New rules raise bar for foreign firms

THE government has ordered foreign companies operating in reserved sectors of the economy to submit regularisation plans by January 31 as it moves to protect local players.

The Ministry of Industry and Commerce said the regulations under Statutory Instrument (SI) 215 of 2025 are intended to protect local enterprises, promote domestic capital formation and ensure profits generated in Zimbabwe remain within the country.

SI 215 of 2025 reserves key economic sectors for indigenous Zimbabweans and sets strict conditions under which foreign investors may continue operating. The move marks a significant shift in government policy, aimed at accelerating local ownership, employment creation and value retention, while compelling existing foreign businesses to either comply, divest, or exit restricted sectors.

The regulations, gazetted in December last year, create a clearer operating framework in sectors such as retail trade, transport services, advertising, estate agencies, bakeries, tobacco grading and other service industries.

In a statement, the Ministry called on foreigners currently operating in reserved sectors to submit their regularisation plans by the end of the month.

“All foreigners operating in the Reserved Sectors must submit Regularisation Plans by the 31st of January 2026 at any Ministry of Industry and Commerce office in Harare, Bulawayo, Masvingo, Mutare, Chinhoyi, Gweru, Bindura, Marondera, Gwanda, and Lupane,” it said.

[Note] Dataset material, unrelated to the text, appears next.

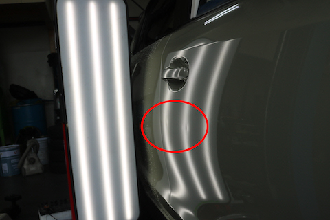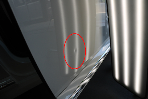 お客様もいつ出来たのかわからない、多分ドアパンチのへこみ。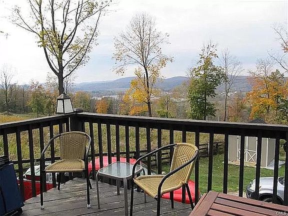 2/3 bedroom home nestled on a country hillside with distant views overlooking down town New Milford. The upper level has 2 bedrooms and a full bath. The main level offers a newer kitchen with eating area, stainless appliances, a guest bath and living room with sliders to the large private deck to take in the views. The lower level can be used as a third bedroom, den, office or recreation room. Full Laundry hook-ups, and a storage area. Recently replaced oil burner. Parking on driveway.

The ministry said proof of payment of the Standards Development Fund (SDF) Levy is a prerequisite for submitting the regularisation plans.

To ease compliance, the government has allowed SDF Levies to be paid directly at the Ministry of Industry and Commerce offices located at Mukwati Building in Harare.

Under SI 215 of 2025, foreign entities are barred from operating in sectors such as artisanal mining, bakeries, advertising agencies, salons, employment agencies, and the local arts and crafts  industry.

Foreigners wishing to operate in partially reserved sectors such as retail and haulage must meet strict investment and employment thresholds and commit to majority local ownership. In retail, foreign investors are required to invest a minimum of US$20 million and employ at least 200 full-time workers.

In the haulage industry, foreign firms must invest at least US$10 million and employ a minimum of 100 workers. Grain milling requires an investment of US$25 million and at least 50 employees, while shipping and forwarding firms must invest US$1 million and employ at least 20 people.

The transport, estate agency and customs clearing sectors remain exclusively reserved for Zimbabweans, with limited exceptions for established international
brands.

Existing foreign-owned businesses operating in reserved sectors have been given three years to divest, with a requirement to sell at least 75% of their shareholding to Zimbabwean citizens at a rate of 25% per year.

“Regularisation plans must be addressed to the Permanent Secretary, Ministry of Industry and Commerce,” the ministry said.